Free-range chicken: cut the whole chicken into pieces and marinate it with onion, celery, carrot, garlic, salt, pepper and olive oil overnight.
The next day, heat a pan, add oil and brown the chicken. Remove.
In the same pan, brown the marinated vegetables (onions, celery, carrots and garlic).
Add the tomato paste and the golden chicken to the pan. Stir until boiling.
Transfer the mixture to the pressure cooker. After getting pressure, leave for 30 minutes.
Remove from the pressure cooker, remove the bones and cut the meat into small pieces.
Preparing the filling: in a pan, sauté the onion and garlic in annatto oil until lightly browned.

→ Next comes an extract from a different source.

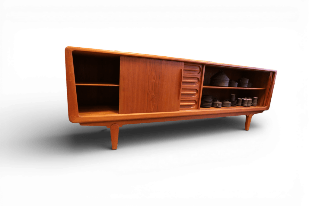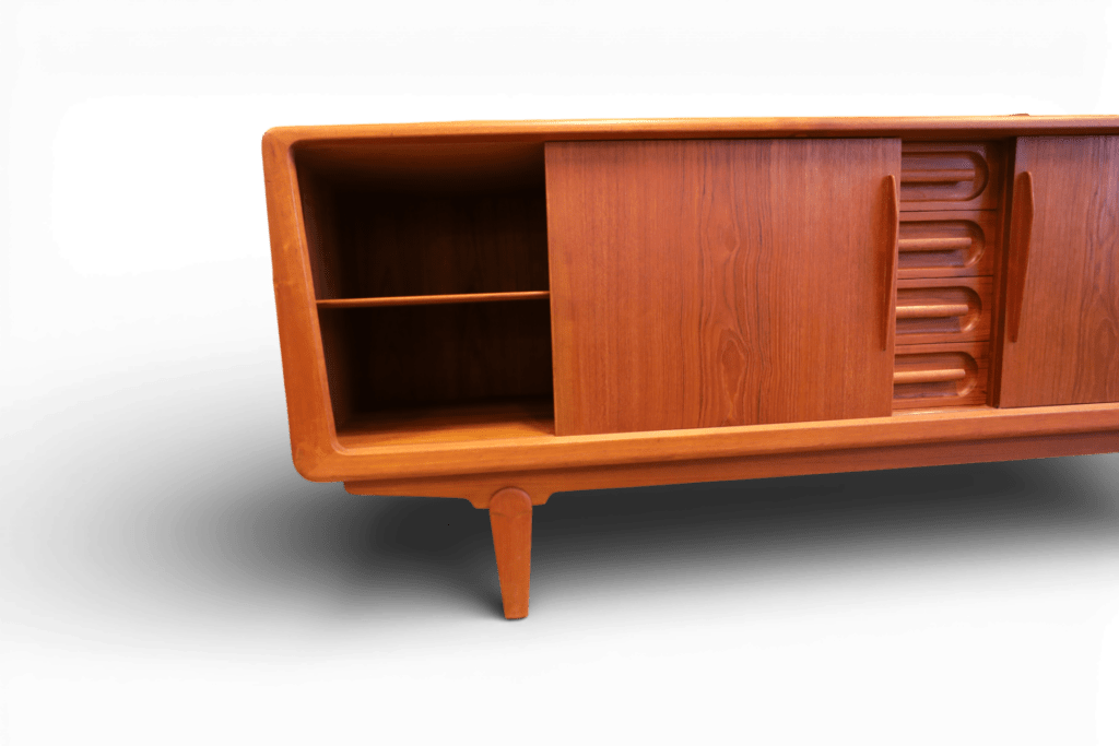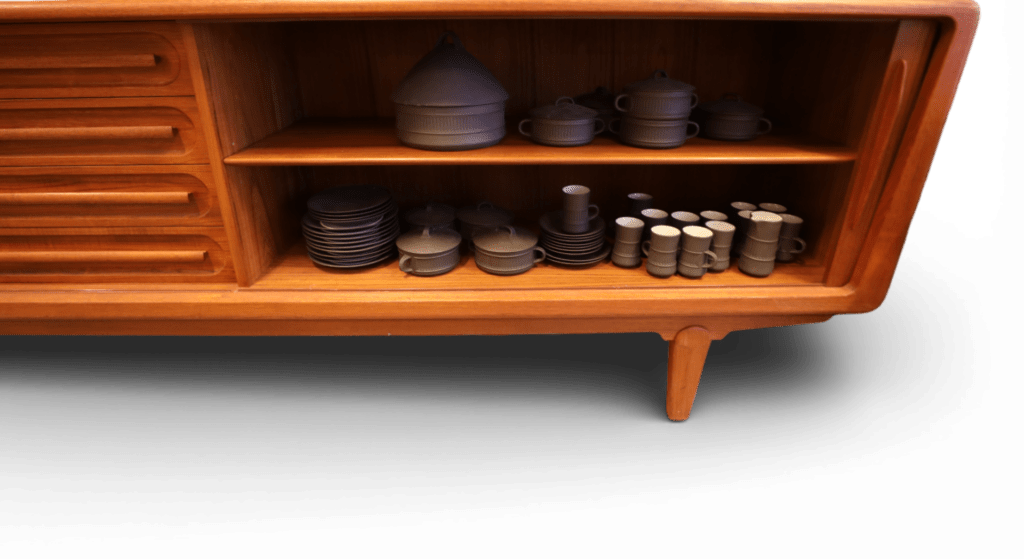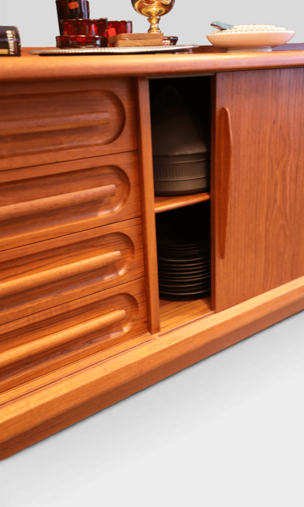 Alla detaljer och uttrycket på sideboardet skvallrar om den ypperst kvalité och hantverk Arne Vodder alltid la på sina möbler. Absolut inga genvägar användes för en enklare eller billigare lösning utan kvalité var ett självklart honnörsordet för företaget!

Add the chicken pieces and a little chicken broth.
Preparation of pasta: in a pan, place the chicken broth, the butter and the salt and let it boil.
When it boils, add the wheat flour, stirring constantly.
Cook the dough for 15 minutes on low heat.
Remove the dough and roll it out on a flat bench.
Let it rest for 4 minutes.
Knead the dough for 3 minutes.
Divide this dough in two, while working with one, let the other rest wrapped in cling film.
Finishing: for every 25g of dough add 20g of stuffing.
Open the dough in a slice, add the stuffing and close in the shape of a coxinha.
Dip the coxinha in the wheat flour.
Dip into the egg-milk mixture.
Let the oil heat up to 160°C and fry the coxinha for approximately 3 minutes.